Сгорая от стыда, вернулся Фернан домой. Кто он? Что дает ему право возмущаться зазорными речами Мартина? Он сам совершил зазорное.
Но слова Мартина не давали ему покоя. Крупица правды была в том, что мудрейший из людей слеп, живет в блаженном самообмане и в самом деле походит на чудака. Это было немыслимо, и все же это было так. Фернан сопоставлял написанное в «Исповеди» с тем, что рассказывала в своей простоте Тереза и что говорил простой народ, и одно с другим не вязалось.
Он не в силах был справиться с этими жгучими сомнениями.
Не в его характере было делиться с кем-нибудь своими переживаниями, но в мосье Гербере он сызмальства видел друга; мосье Гербер в трудные для Фернана годы военного училища, когда Фернан приезжал на каникулы, был ему опорой и утешителем, понимал все с отдаленного намека и находил в ответ нужные слова.
Осторожно поведал Фернан своему наставнику мучительные сомнения в Жан-Жаке; говорил о том, что поступки и речи Жан-Жака не всегда соответствуют его творениям и учению и порой это сбивает с толку.
– Враги, – с такой же осторожностью сказал, немного помолчав, мосье Гербер, – подходят к Жан-Жаку с меркой своей пошлой логики. Они сравнивают его ранние мысли с позднейшими, они сравнивают то, что он делал в разных местах и в разное время или вовсе никогда не делал, с идеалами, которые он провозглашает, а потом плоско высмеивают его.

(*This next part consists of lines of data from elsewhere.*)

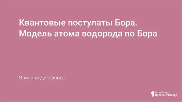 В разработке урока раскрыты причины несостоятельности ядерной модели атома, сформулированы постулаты Бора, приведено объяснение происхождения линейчатого спектра излучения и поглощения атома водорода, освещены трудности теории Бора, приведены вопросы для закрепления изученного на уроке материала.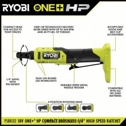 paranna ryobi 18v one+ -järjestelmääsi 18v one+ hp:n kompaktilla harjattomalla 1/4″ nopealla räikkäällä. one+ hp tekniikka tarjoaa enemmän tehoa, käyttöaikaa, kestävyyttä ja nopeutta käyttämällä harjattomia moottoreita, edistynyttä elektroniikkaa ja korkean suorituskyvyn litiumtekniikkaa. Kompakti työkalumme ovat kevyimpiä ja pienimpiä koskaan valmistamiamme, mutta tarjoavat silti optimaalisen tehon työn suorittamiseen. Ihanteellinen kaikkiin autoihin harrastaja tai teknikko, tämä räikkä pystyy toimimaan 2x suuremmalla nopeudella jopa 460 rpm. Yhdistäen 40 ft-lbs vääntömomentin ansiosta tästä työkalusta tulee paras ajansäästö toistuvien tehtävien suorittamisessa, mikä nopeuttaa projektin valmistumista. 20 % kompaktimpi 4-asentoinen pyörivä räikkäpää kahdella sisäänrakennetulla ledillä wtai valot, tämä räikkä voi ulottua mihin tahansa mutteriin tai pulttiin valaistussa työtilassa. säädettävän nopeuden metallinen siipipään liipaisin on helposti saatavilla useista eri kahvoista ja kulmista. säädettävän nopeuden metallinen siipipään liipaisin on helposti saatavilla useista eri kahvoista ja kulmista. tällä 18v one+ hp kompaktilla harjattomalla 1/4″ nopealla räikkällä on ryobin 3 vuoden valmistajan takuu, ja se sisältää (1) psbrc02 18v kompaktin harjattoman 1/4″ nopean räikkälaitteen ja käyttöoppaan. mikä parasta, se on osa ryobi 18v one+ -järjestelmää, jossa on yli 280 langatonta tuotetta, jotka kaikki toimivat samalla akkualustalla. mukana 2ah akku ja laturi.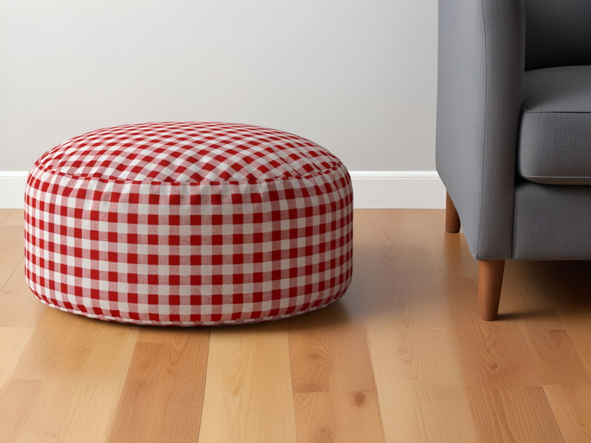 Cotton Round Gingham Pouf Ottoman - Red / White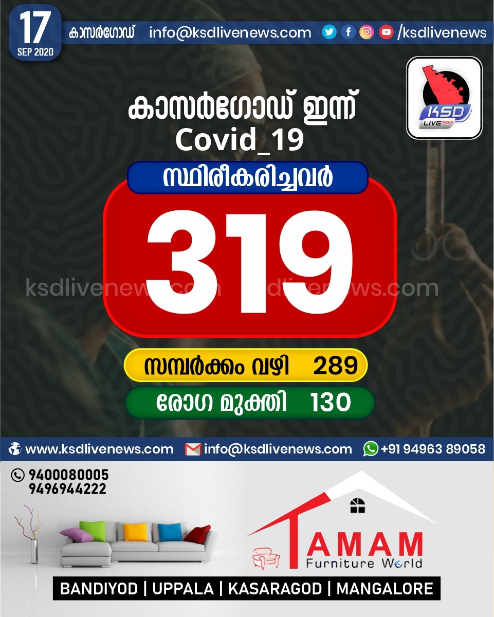 പ്രാദേശികം കാസർഗോഡ് ജില്ലയിൽ ഇന്ന് 319 പേർക്ക് കോവിഡ് സ്ഥിരീകരിച്ചു. സമ്പർക്കം വഴി 289 പേർക്കും. 130 പേർക്ക് രോഗ മുക്തിSeptember 17, 2020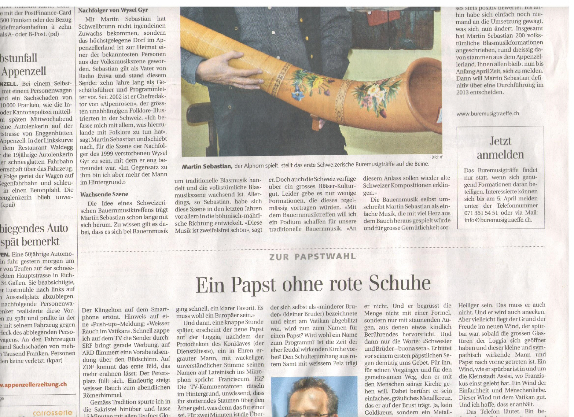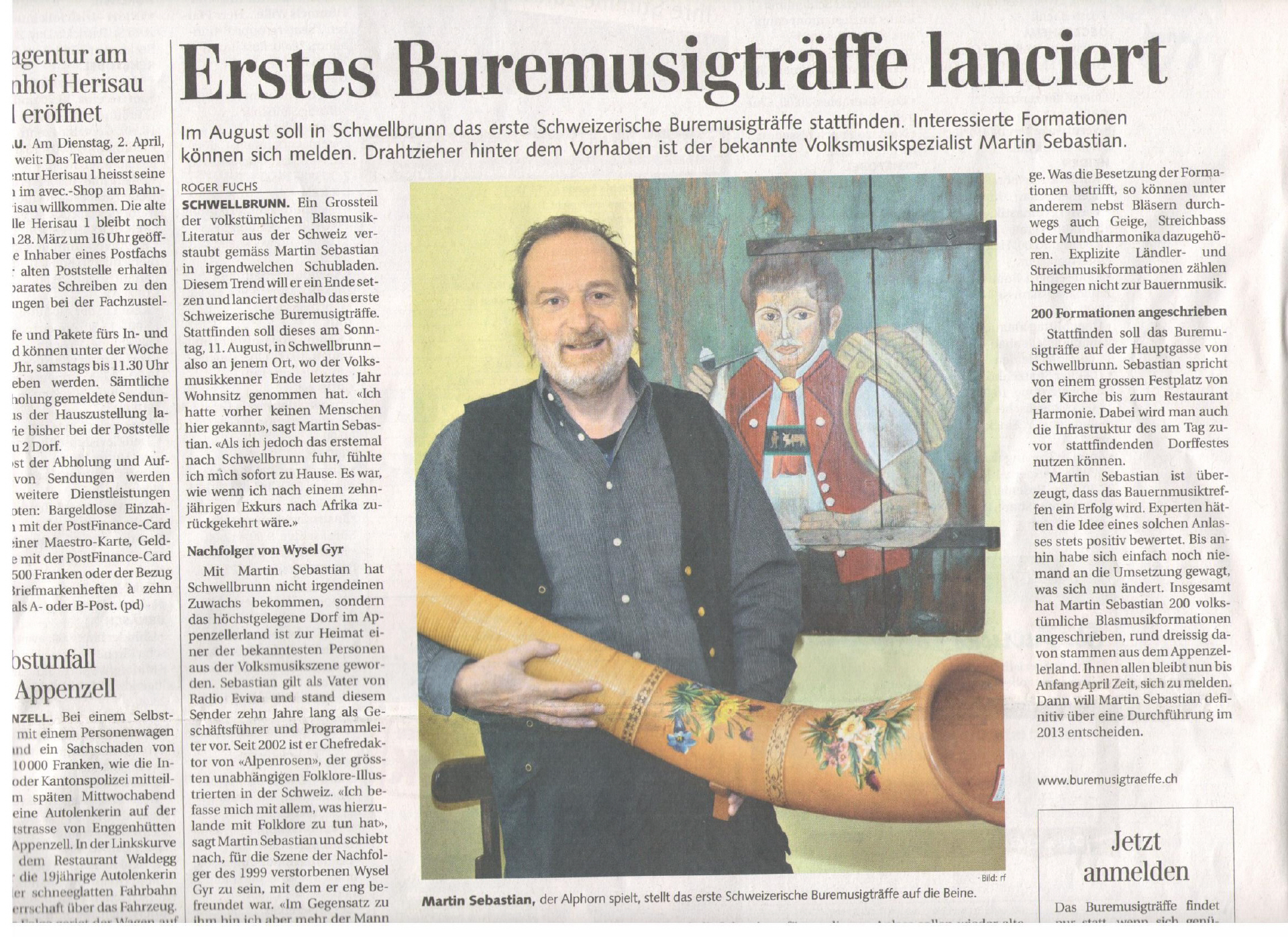 Um den Artikel vom 15. März 2013 zur Lancierung des Schweizerischen Buremusigträffe anzuschauen, bitte anklicken: Seite 1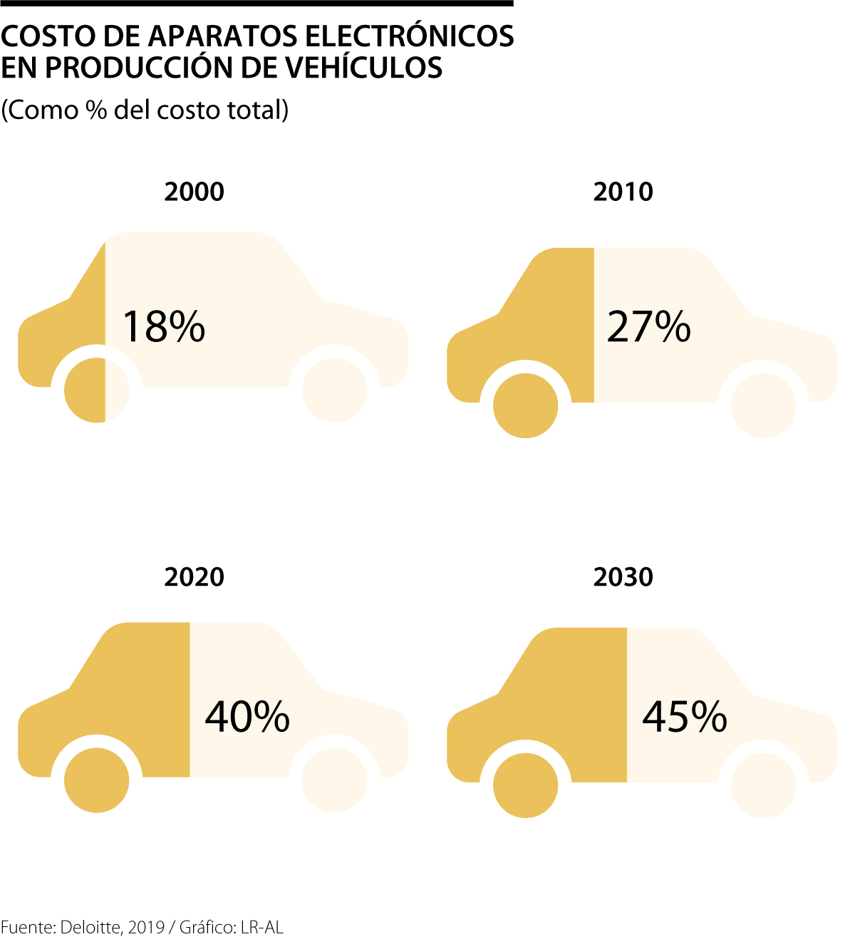 Actualmente, para producir un carro se requieren entre 30 y 50 chips. Según cálculos de Deloitte, el peso de los componentes electrónicos de los vehículos ha venido ganando terreno. Mientras para el año 2000 solo 18% de los costos de producción estaban asociados a dichos componentes, hoy estos representan 40% de su valor.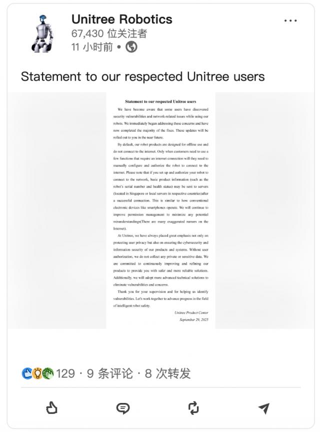"我们已经了解到,一些用户在使用我们的机器人产品时发现了系统安全漏洞和网络相关问题。我们立即着手解决这些问题,并且目前已经完成了大部分的修复工作。这些更新将在不久的将来陆续推送给您"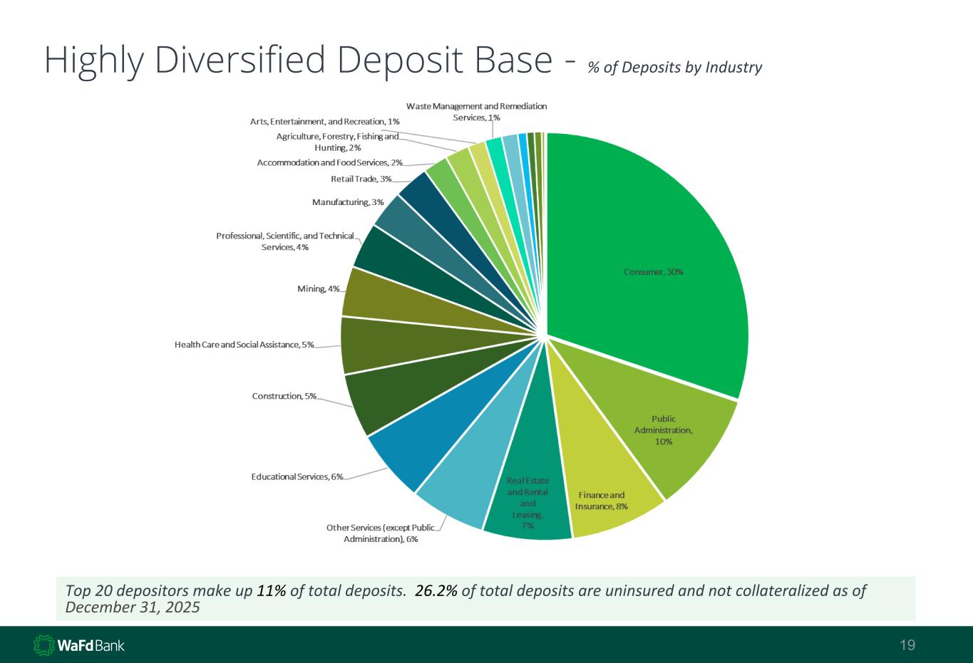 Highly Diversified Deposit Base - % of Deposits by Industry 19 Top 20 depositors make up 11% of total deposits. 26.2% of total deposits are uninsured and not collateralized as of December 31, 2025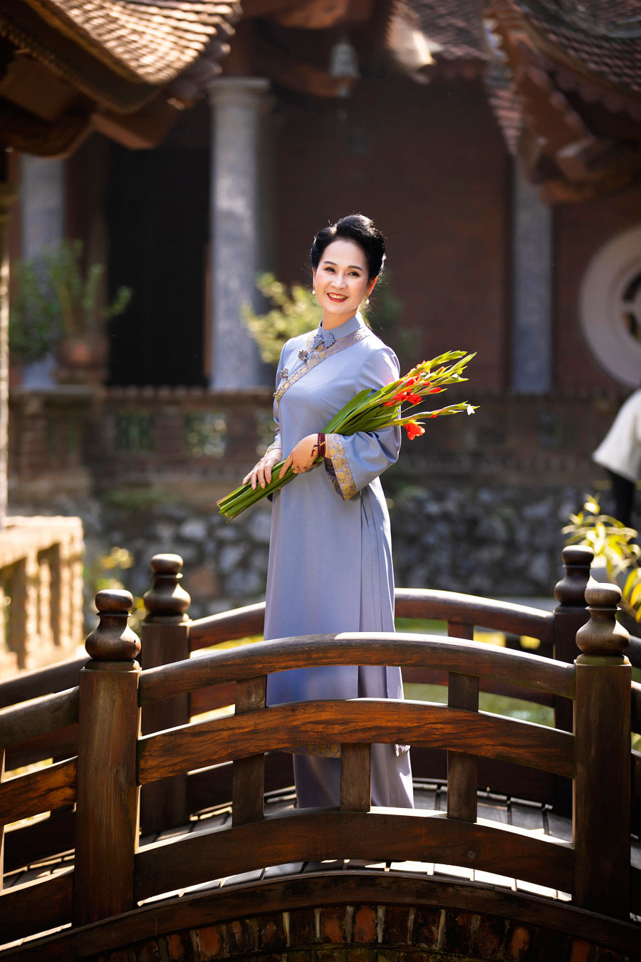 NSND Lan Hương và NSƯT Chiều Xuân diện các thiết kế trong bộ sưu tập Bạch Liên của Hà Bùi vãn cảnh chùa những ngày cuối năm.

Фернан знал, что друг и наставник не хотел его обидеть, но ведь он-то не какой-нибудь враг Жан-Жака, и он начал оправдываться. Но мосье Гербер, прервав его, продолжал:
– На мою долю выпало счастье внимать Жан-Жаку, когда он, беседуя даже со мной, маленьким человеком, давал волю полету своей мысли. В такие минуты меня тоже иной раз смущало в нем нечто чрезмерное, не знающее границ. Но потом я говорил себе, что мне не дано объять все его величие, что никто не может объять его величие, и тогда я смирялся и умолкал. Не разрешайте себе ни малейшего сомнения в нем, Фернан. Именно гений, это непостижимое явление, обращается в ничто, как только начинаешь в нем сомневаться. А Жан-Жак, – запальчиво сказал этот скромный человек, – среди нас, живущих, – неповторимый, единственный гений. Другие трудятся до изнеможения, изо всех сил стараются, и тысячу раз пережевывают одно и то же, он же одним взмахом пера ставит все на место, – он творит. Он не доказывает, он вещает. Другие тащатся в поте лица своего через горы и долы, он взмывает ввысь, и он уж у цели. Не позволяйте, Фернан, ввести себя в заблуждение тем или иным словом, которого мы не понимаем. Отбросьте сомнения.